Wanted: Workable ways to reduce wait-times
Health care wait-times are such a contentious issue for the country’s politicians that they have reached agreement on increasing the use of information technology to reduce delays in seeing specialists and receiving hospital treatment.
The federal and provincial governments are collaborating on ways that IT can cut the waiting for many services such as cancer treatment and hip replacement by better navigating the complex interplay between the availability of medical personnel and an aging population.
Earlier this year, Prime Minister Stephen Harper announced an agreement on wait-time reduction guarantees with the provinces and territories. Each province and territory is working on specific health IT initiatives that could become best practices for the rest of the country.
Ottawa is bankrolling a lot of the work through several programs for testing and adopting IT in health care, including $612 million for the Patient Wait-Times Guarantee Trust and $30 million for wait-times pilot projects. As well, Canada Health Infoway received $400 million in the March budget to extend electronic health initiatives.
Two steps, one leap
“Our investment in Infoway will help transform paper records into bits and bytes so patients and their doctors have access to this essential data whenever and wherever they need it,” Harper said. While there is no magical solution for paring wait-times, the ever-present prospect of a federal election means the issue gets regular attention.
While there is plenty of expertise in government bureaucracies, hospitals and the medical professions, the IT community can also play a key role in tackling wait-times beyond providing software and technology tools, says Michael Green, president and CEO of Agfa HealthCare Canada.
“The industry can help in process re-engineering that demonstrates how to implement good business practices,” he said. “We can help show hospitals how to operate as effectively as they can.”
For starters, there are two key steps that can be taken. One is the full adoption of individual electronic health records. The other is getting hospitals plugged into regional or provincial electronic health networks that share information among institutions on what services and treatment capacity are available.
Infoway naturally has a lead role in finding ways to improve wait-times through IT. President and CEO Richard Alvarez says greater use of IT will yield speedier access to health care.
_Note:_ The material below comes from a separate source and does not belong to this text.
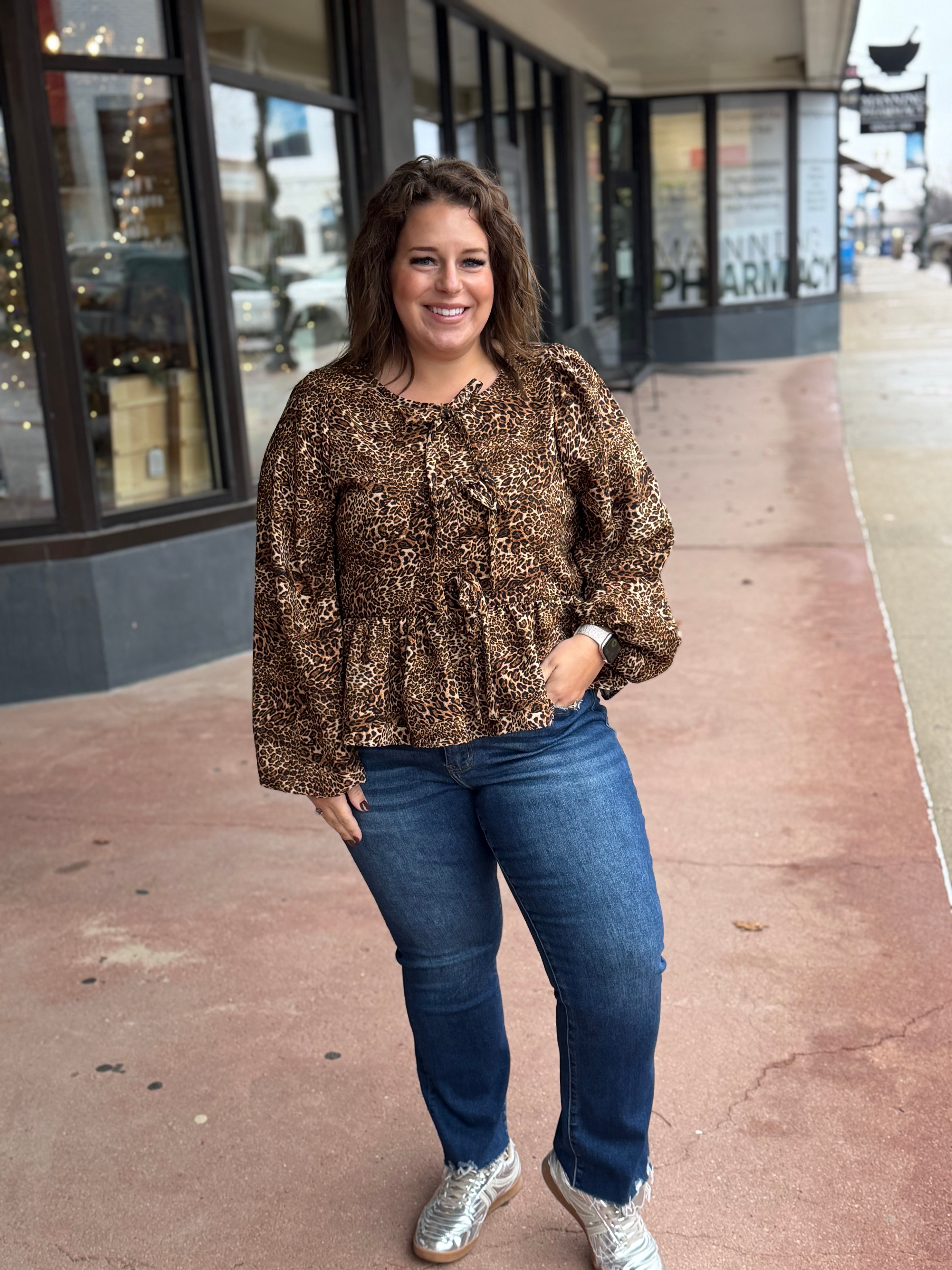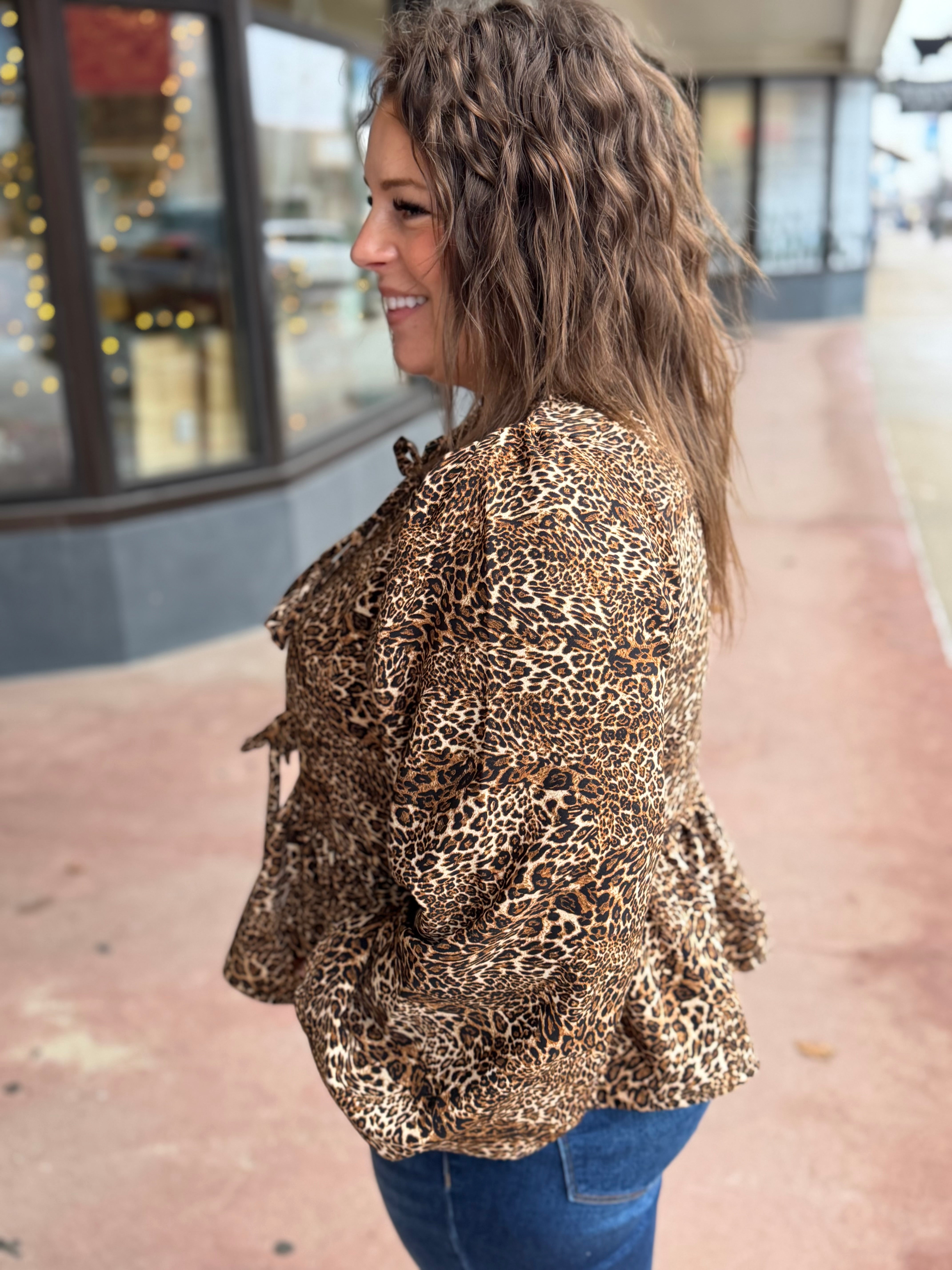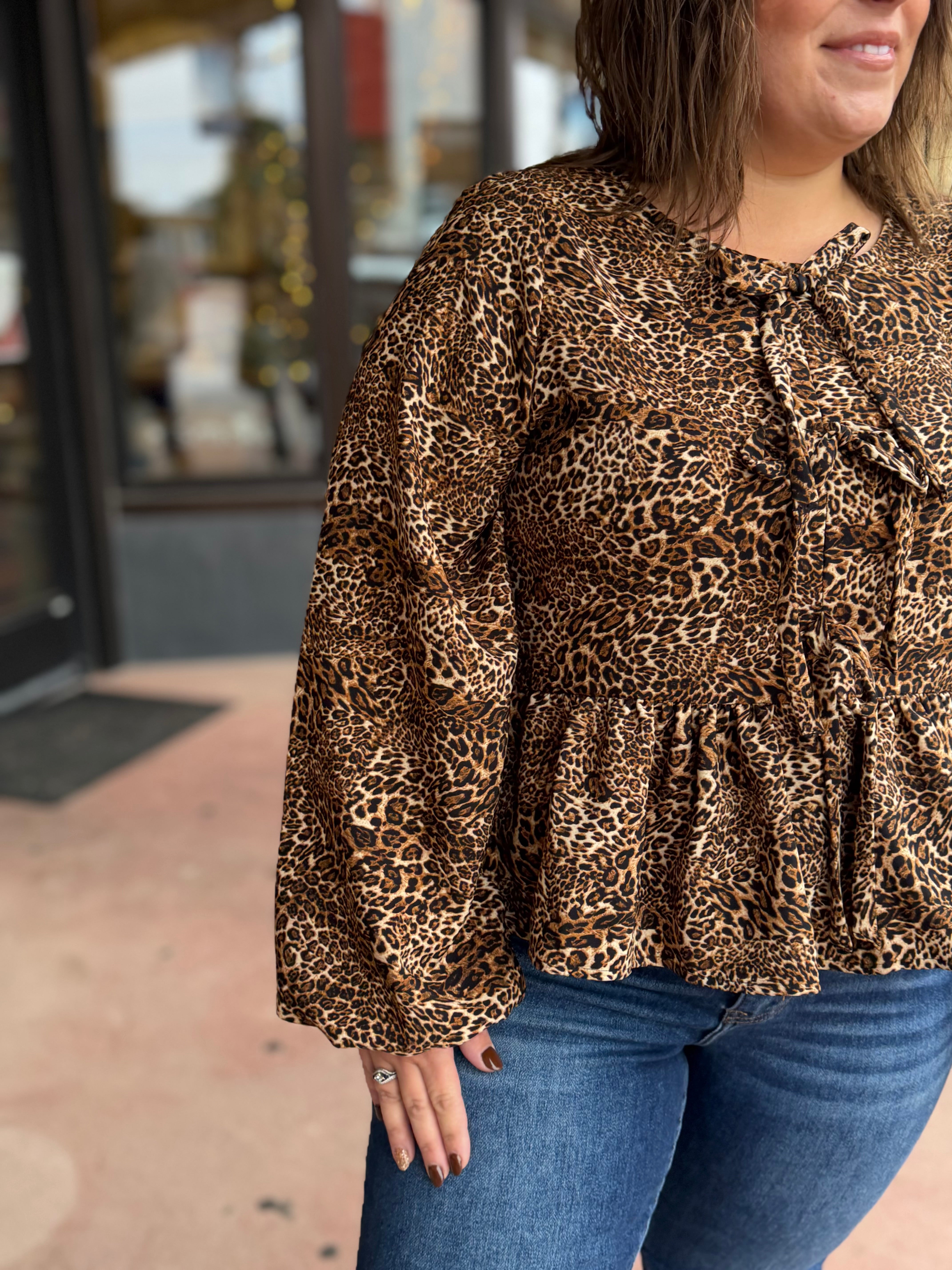 Plus Leopard Print Puff Sleeve Top w/Bow

His organization has targeted a host of areas where it will invest the $400 million.
For example, it is working with Ontario on a comprehensive wait-time information system for hospitals and clinics. If it comes up with a best practices system, then it will benefit the rest of the country, says Alvarez.
IT could make booking health care as easy as ordering airline tickets, he adds.
Green says innovations such as a province-wide scheduling system to know what resources are available would be an invaluable tool for GPs. “They should be able to schedule referrals (with specialists and hospitals) directly by being able to look at the available slots in appointment schedules.”
The system could pull patients off waiting lists if there are cancellations in appointments.
Yardsticks
In addition, the performance of the health care system has to become measurable, Greens says, so hospitals and governments can see what is actually happening. “Then you can start setting meaningful standards.”
Tom MacIntosh, senior research fellow at the Canadian Policy Research Networks, which organizes annual conferences on the wait-times issue called the Taming of the Queue, says better resources, data collection and management techniques are among the ways that wait-times will be reduced.
In a report on the 2007 conference, he says the situation is improving, but it will take time to complete all the initiatives. “In the final analysis, we are likely a long way from being able to say we have eliminated wait-times as a serious issue for the health system in Canada.
“But we can say that we know more about and have done more to reduce wait-times in the last few years than the system is often given credit for.”
Green says the health care system invests one per cent to two per cent of its resources in IT, while business spends four per cent. “Any big operation has to maximize the use of its resources.”
Doctors should be able to get a global view of the system from their office so they can determine when and where best to send patients needing further treatment.